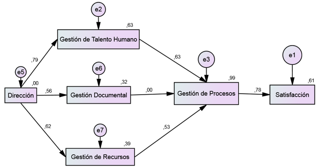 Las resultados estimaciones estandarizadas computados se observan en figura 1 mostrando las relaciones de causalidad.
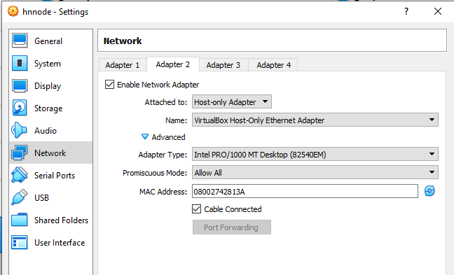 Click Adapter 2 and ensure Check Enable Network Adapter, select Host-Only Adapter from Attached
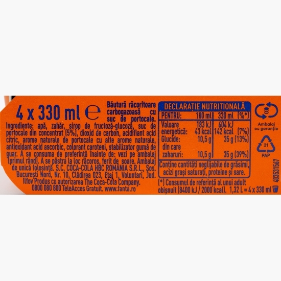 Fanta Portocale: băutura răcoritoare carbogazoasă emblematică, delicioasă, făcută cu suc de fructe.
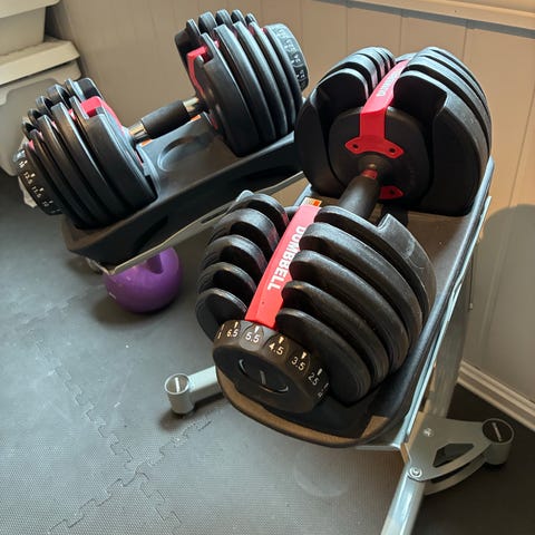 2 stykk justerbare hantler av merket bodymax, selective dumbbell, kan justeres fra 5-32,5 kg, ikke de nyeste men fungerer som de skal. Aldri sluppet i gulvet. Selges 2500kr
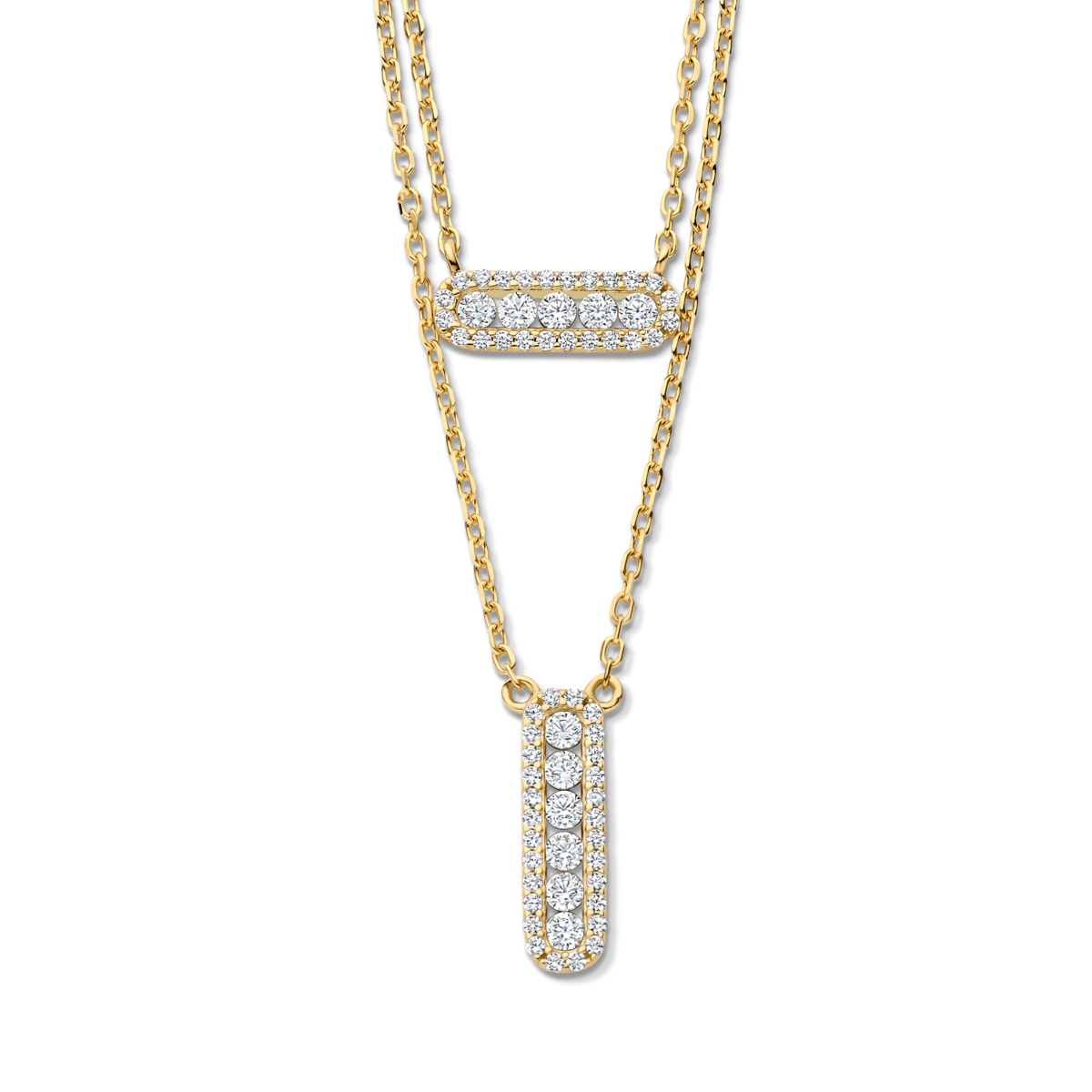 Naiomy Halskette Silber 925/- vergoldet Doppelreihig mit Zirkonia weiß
= = =
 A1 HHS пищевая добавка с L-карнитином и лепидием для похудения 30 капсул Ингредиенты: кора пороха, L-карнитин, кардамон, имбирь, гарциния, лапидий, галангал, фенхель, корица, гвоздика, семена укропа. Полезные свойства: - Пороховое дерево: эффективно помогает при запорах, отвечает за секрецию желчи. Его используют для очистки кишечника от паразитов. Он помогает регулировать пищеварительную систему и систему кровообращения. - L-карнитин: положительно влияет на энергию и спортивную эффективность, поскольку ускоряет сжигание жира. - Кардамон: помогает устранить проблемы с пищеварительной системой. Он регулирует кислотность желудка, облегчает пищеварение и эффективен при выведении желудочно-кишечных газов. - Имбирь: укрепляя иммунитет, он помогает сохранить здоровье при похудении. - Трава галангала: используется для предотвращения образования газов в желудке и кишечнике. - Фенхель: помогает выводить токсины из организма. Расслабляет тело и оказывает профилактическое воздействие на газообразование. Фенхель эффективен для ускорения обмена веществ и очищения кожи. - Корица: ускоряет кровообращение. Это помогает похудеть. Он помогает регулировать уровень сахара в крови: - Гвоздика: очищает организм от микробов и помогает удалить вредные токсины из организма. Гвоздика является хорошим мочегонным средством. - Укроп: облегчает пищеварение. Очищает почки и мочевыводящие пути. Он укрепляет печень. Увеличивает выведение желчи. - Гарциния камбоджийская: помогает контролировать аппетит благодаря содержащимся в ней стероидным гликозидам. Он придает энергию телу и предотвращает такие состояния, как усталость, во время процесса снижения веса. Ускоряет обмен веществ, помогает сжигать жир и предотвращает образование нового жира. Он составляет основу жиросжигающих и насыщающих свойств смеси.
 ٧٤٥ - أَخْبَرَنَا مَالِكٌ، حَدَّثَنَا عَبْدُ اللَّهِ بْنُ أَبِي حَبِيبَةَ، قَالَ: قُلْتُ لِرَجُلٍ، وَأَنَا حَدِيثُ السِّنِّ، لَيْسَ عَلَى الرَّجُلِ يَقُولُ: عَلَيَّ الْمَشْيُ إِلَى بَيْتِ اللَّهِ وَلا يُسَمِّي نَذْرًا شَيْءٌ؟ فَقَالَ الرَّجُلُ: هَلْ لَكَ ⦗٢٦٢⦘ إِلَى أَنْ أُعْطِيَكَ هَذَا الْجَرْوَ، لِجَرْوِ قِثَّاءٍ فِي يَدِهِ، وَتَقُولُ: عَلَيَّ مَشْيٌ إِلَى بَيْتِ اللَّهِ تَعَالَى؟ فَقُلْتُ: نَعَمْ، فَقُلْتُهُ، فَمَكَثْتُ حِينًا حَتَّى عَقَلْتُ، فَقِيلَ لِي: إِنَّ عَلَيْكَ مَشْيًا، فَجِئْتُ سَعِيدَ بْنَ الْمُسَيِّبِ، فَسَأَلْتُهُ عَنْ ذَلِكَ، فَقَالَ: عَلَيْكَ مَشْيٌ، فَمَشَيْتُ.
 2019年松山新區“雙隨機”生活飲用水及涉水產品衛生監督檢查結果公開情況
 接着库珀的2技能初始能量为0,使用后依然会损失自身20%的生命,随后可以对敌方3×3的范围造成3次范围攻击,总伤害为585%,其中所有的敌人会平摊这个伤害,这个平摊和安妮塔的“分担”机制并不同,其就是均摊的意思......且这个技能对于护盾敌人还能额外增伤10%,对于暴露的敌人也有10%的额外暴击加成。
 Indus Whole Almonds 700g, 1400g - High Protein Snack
= = =
__ASSIGNMENT__
From the data above, output exactly the lines between the one containing "接着库珀的2技能初始能量为0" and the one containing "Indus Whole Almonds", counting both of them.

__RESULT OF THIS TASK__
 接着库珀的2技能初始能量为0,使用后依然会损失自身20%的生命,随后可以对敌方3×3的范围造成3次范围攻击,总伤害为585%,其中所有的敌人会平摊这个伤害,这个平摊和安妮塔的“分担”机制并不同,其就是均摊的意思......且这个技能对于护盾敌人还能额外增伤10%,对于暴露的敌人也有10%的额外暴击加成。
 Indus Whole Almonds 700g, 1400g - High Protein Snack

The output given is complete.